Tuesday, October 2, 2007

The Phony Soldier, and Phony Democratic Outrage

The controversy surrounding Rush Limbaugh's "phony soldier" remark has reached the Orwellian level.

Do Democrats and liberals even understand the English language, or the sequence of a conversation?

Limbaugh did not attack or denigrate anti-war soldiers as "phony soldiers." He attacked and denigrated one phony soldier, Jesse MacBeth. MacBeth was in Army basic training for 40 days before he was judged unfit to serve and promptly discharged. Yet he was adopted as the latest mascot by the moveon.org fanatics after he claimed to have killed men and women leaving a Baghdad mosque while stationed in Iraq.
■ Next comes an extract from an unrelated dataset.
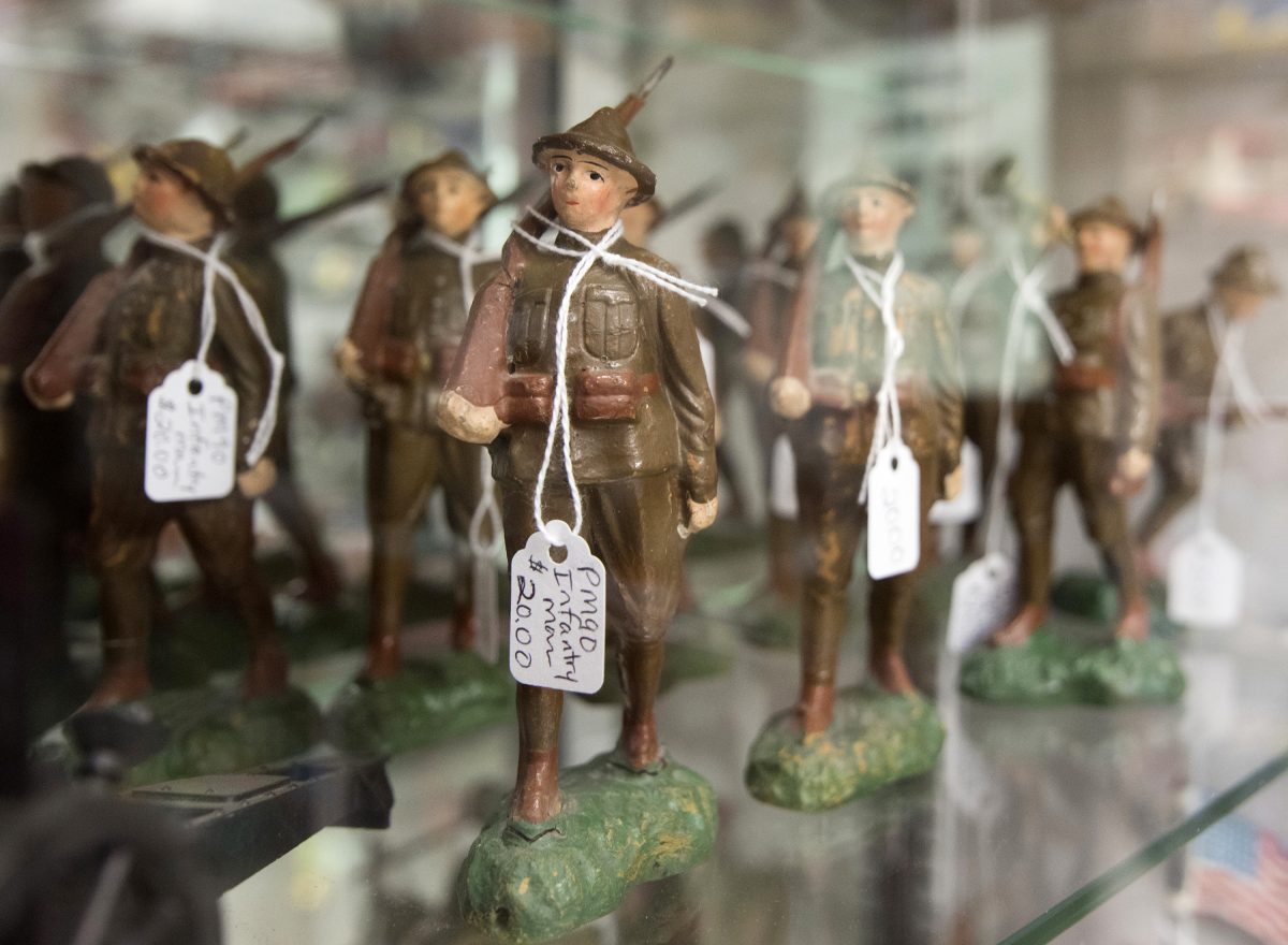 Several antique toy infantrymen fill a shelf at Where the Toys Are.

This fact didn't stop Senate Majority Leader Pat Geary Harry Reid from calling Limbaugh's comments "so beyond the pale of decency that it cannot be left alone."

Senator Tom Harkin, in one of the most unseemly and undignified rants witnessed on the Senate floor in recent memory said, "Well, I don’t know. Maybe he was just high on his drugs again. I don’t know whether he was or not. If so, he ought to let us know. But that shouldn’t be an excuse."

And John Kerry said, "In a single moment on his show, Limbaugh managed to question the patriotism of men and women in uniform who have put their lives on the line and many who died for his right to sit safely in his air-conditioned studio peddling hate."

How these three men manage to corral even one vote from the people of Nevada, Iowa and Massachusetts is near-stunning. Each has used inflammatory rhetoric that damaged troop morale, and hurt our efforts to achieve victory. They have now directed manufactured outrage at a private citizen for the sole purpose of motivating their lunatic fringe supporters on the left. It's a disgrace.